Читаем Инспекция. Число Ревекки полностью

– И бог тебе судья, фон Тилл, если у тебя повернется язык осудить зондеров. У этих два варианта: остановиться и сойти с ума или продолжать не задумываясь. Их разум пытается защититься, вот и выбрал не задумываться. Но не дай бог кого-нибудь из них выпустить в свободный мир! Не потому, что они расскажут – никто не поверит, а кто поверит, в тот же час отречется от всего рода человеческого… А потому, что это готовые психопаты-неврастеники! Конченые, больные люди. Заставив их убивать, мы лишили их главного, что имеют остальные узники, – обрести хоть какое-то утешение в собственной безвинности. Чувство греха и осознание соучастия этому аду будут до последнего преследовать их. О, я уверен, потомки еще проклянут их! И не узнают, что зондеры – несчастные люди, лишенные главного права человека. Какого, знаешь? Нет, фон Тилл, не права на жизнь. Нет такой молитвы, а нужна, я бы каждую ночь молился: «Создатель, избавь меня от необходимости отбирать жизни у людей…» Что страшнее греха убийства? Так знай: принуждение другого к убийству. Заставить. Другого. Убить. Убивать. Делать это постоянно. Мы не только сами убиваем, но мы заставили одних обреченных убивать других таких же обреченных! Самих евреев заставили отправлять в печи евреев. Дьявольски верный метод!
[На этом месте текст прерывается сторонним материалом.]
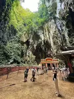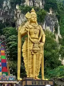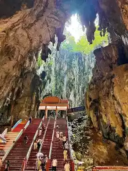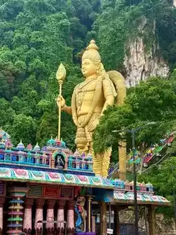 Batu Caves is a striking complex of Hindu temples and shrines set inside massive limestone caves, guarded by the colossal golden statue of Lord Murugan—one of the tallest in the world. A climb of 272 vividly painted steps leads you into the awe-inspiring main cave, where spiritual chants echo beneath natural skylights and hanging stalactites.

Они не могут разобраться, виновны ли они. Рано или поздно это их доконает: одних – ненависть, других – самобичевание. Но всех евреев мы все равно не уничтожим, не стоит обманываться… Они разбежались… Попрятались по подвалам и чердакам всей Европы, чтобы потом вылезти и произрасти заново. Но мы поселили в их племя вечный раздор… Мы с тобой уже сдохнем, а они будут выяснять, почему выжил тот, а не другой и кто страдал сильнее. Кого на селекции пихнули к баракам, кого в газ – всего лишь случай! Одни будут виноваты, что показались нам достойными жить. А кого в крематорий – те будут святыми по умолчанию. Мы своими ленивыми считалками создали армию святых и армию виноватых! Выжил – уже подозрительно, что уж говорить о тех, кто тащит тела из газовой камеры и складывает их в сторонке, чтобы продолжить свое невольное глумление над ними. Думаешь, смерть в газовой камере – это конец, фон Тилл?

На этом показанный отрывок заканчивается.